At 11:30, the upstream supplier were made aware of an incident affecting services hosted within their Telehouse PoP. Due to the range of services affected, a Major Incident was declared. During initial investigations, it was identified that a routing process had failed on a core router in the affected PoP. The cause of this routing failure was linked to a routine change deployed moments beforehand. The impact of the change caused the BGP routing process to stop on the affected device, which caused a drop in connectivity across multiple voice and data services. The upstream supplier’s core network and infrastructure engineers were able to restore service by reverting the change made and re-starting the process. This was completed at 11:50, with the majority of affected services being restored by 11:58.

Root Cause

The upstream supplier identified an error in the delivery of the routine change detailed above which resulted in the BGP process stopping. This caused a loss of routing for multiple voice and data services which terminates at this location.

Prevention of recurrence

The root cause of this incident has been identified as a human error in the deployment of a routine change. Although the correct change control process was followed, the post-incident review was completed and identified an area of improvement required. As a result, an update is being made to the upstream suppliers change control process with specific focus on the way in which such changes are deployed into production.

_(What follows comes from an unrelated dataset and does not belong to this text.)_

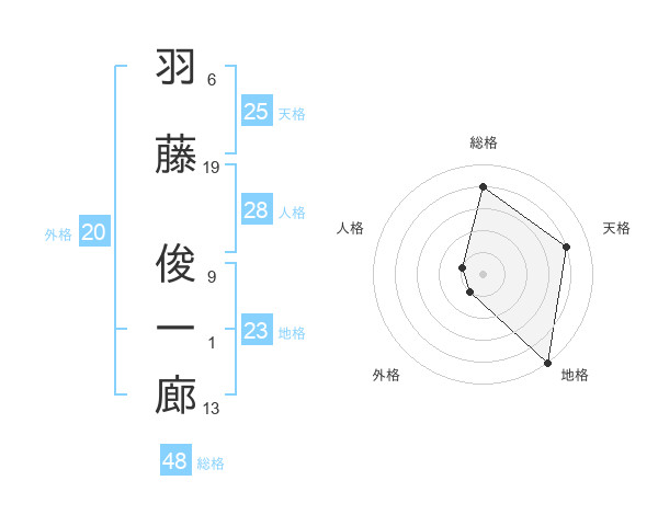 羽藤 俊一廊さんの地格は23画の5点!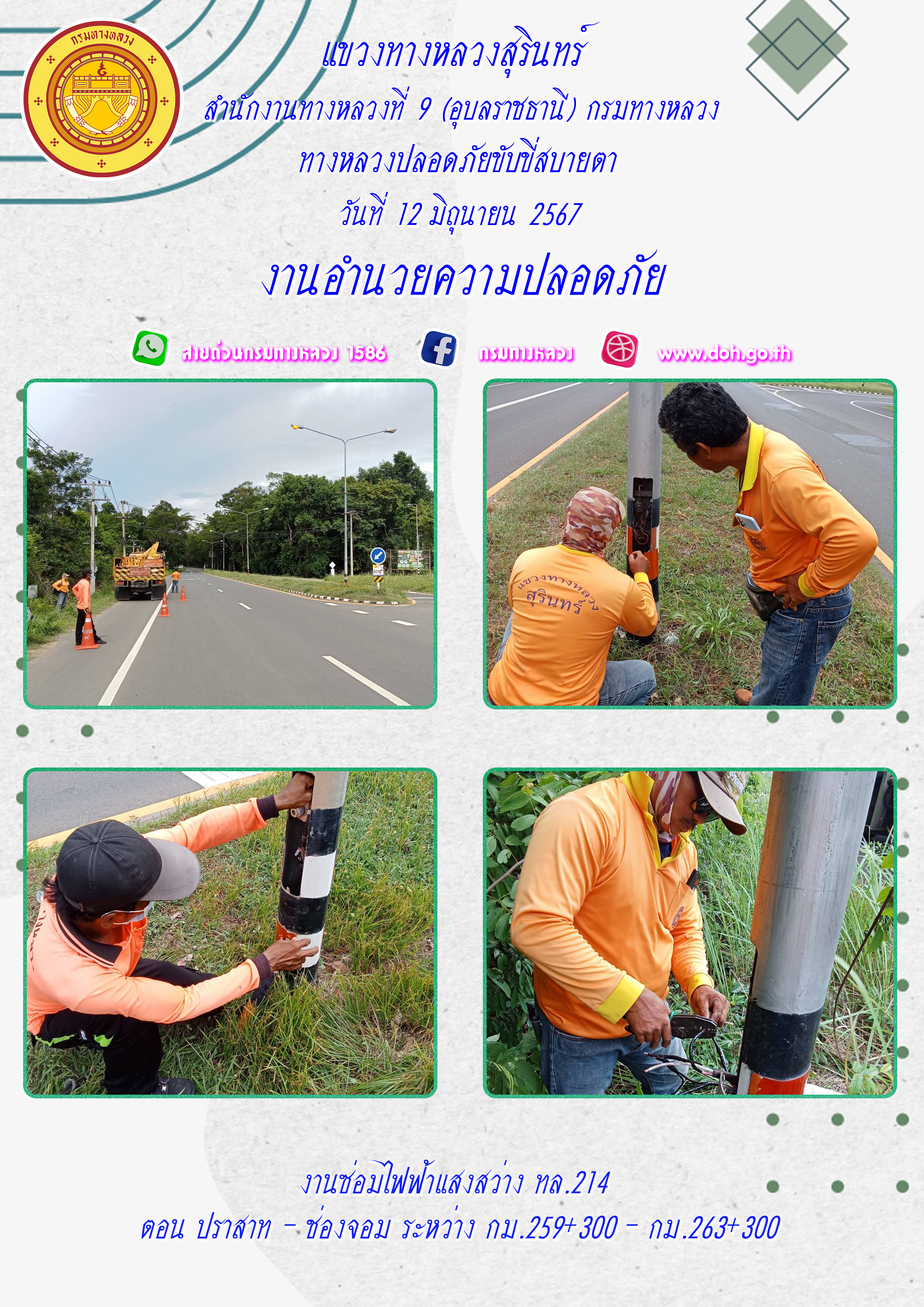 ข้อมูลภาพกิจกรรม : ทางหลวงปลอยภัย ขับขี่สบายตา 12 มิถุนายน 2567

Posted Jun 26, 2023 - 13:04 BST

Resolved
Hello,

Following Gradwell monitoring the incident, we are confident that the services have restored successfully.

Please accept our sincerest apology for the inconvenience caused. We will provide an RFO within 10 working days.
Posted Jun 07, 2023 - 13:42 BST
Monitoring
Hello,

We can see the circuits are now starting to restore their connection. We are communicating with our upstream supplier for the root cause of the outage. To ensure that your services are fully functional, we would request that routers are rebooted. This will rule out authentication issues on the device.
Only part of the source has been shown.